Practical Advice on Whom to Love

  • The most important thing to look for in a spouse: confidence that this person thinks marriage is for life. Everything follows from that.
    • If you believe your spouse is someone with whom your entire sexual being—body and soul—is pledged, you will treat them in a way that makes them always want to make love with you. This is powerfully formative, not instrumental.
    • The traditional vows: love, honor, obey. O’Connor thinks “honor” is the one that focuses the mind. What does it mean to live with another person in the intimacy of everyday life and always honor them? Learning to bite your tongue is an absolute virtue for a spouse. Gradually, you will bite the tongue of your mind too.

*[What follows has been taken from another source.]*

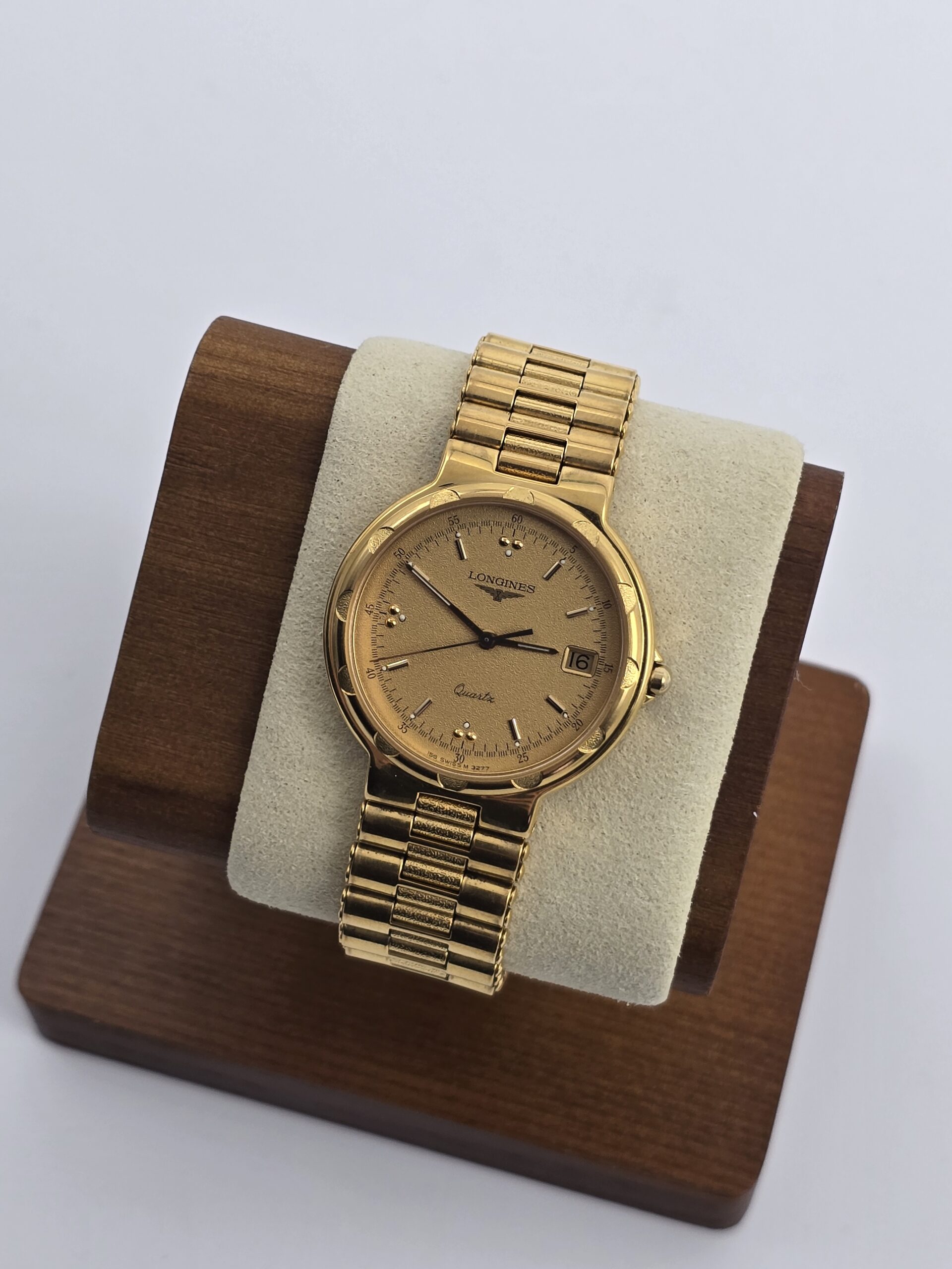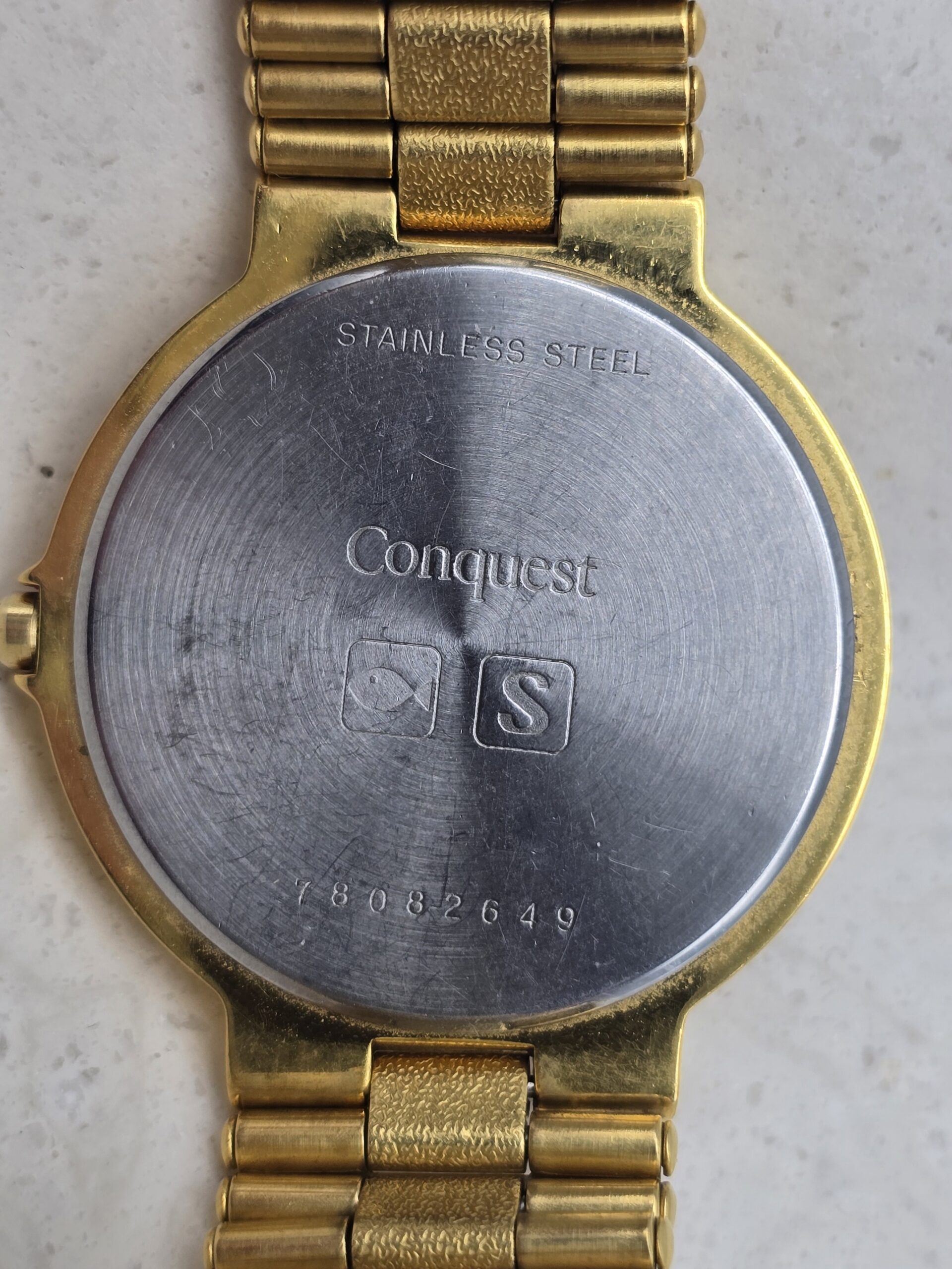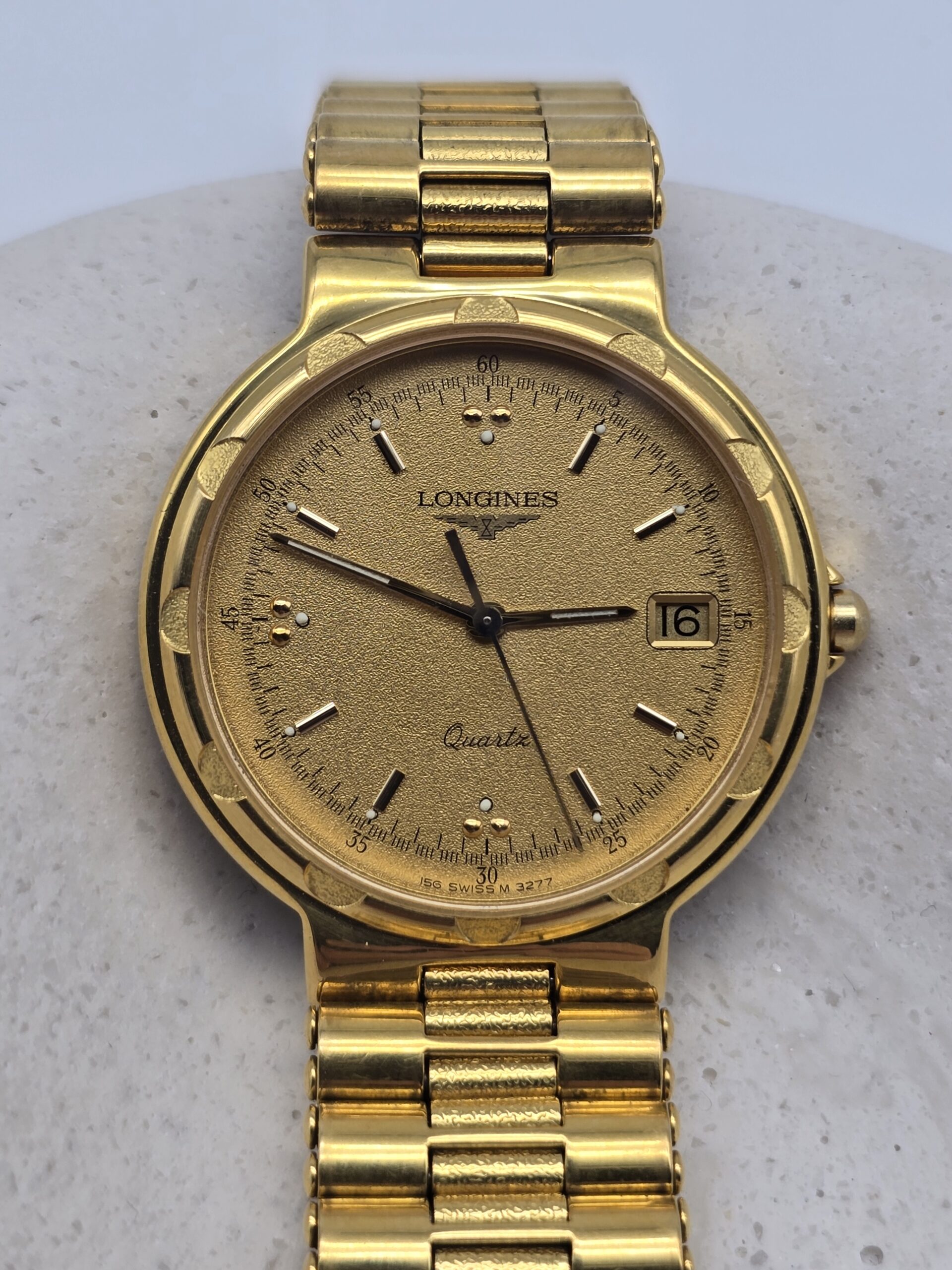 LONGINES Conquest – złoty zegarek vintage z błyszczącą tarczą, lata 90.

  • On intellectual compatibility: it is not essential. Your spouse might not read your books. What matters is a habitual thoughtfulness of conversation—the ability to talk about values, not theoretical ideas.
    • People who would not be interesting to you as intellectual interlocutors may still be deeply thoughtful about human life and wonderful to talk to.
  • On the sustainability of desire: the special energy of being found sexually attractive by your spouse does not have to fall into abandonment. There is an old tradition of conjugal duty—the obligation to continue being a sexual partner insofar as you are able.
    • For every couple, if they live long enough, there may come a time when their bodies do not allow it. But the memory of the particular form of honor someone has done you by being your sexual partner remains a deep part of love.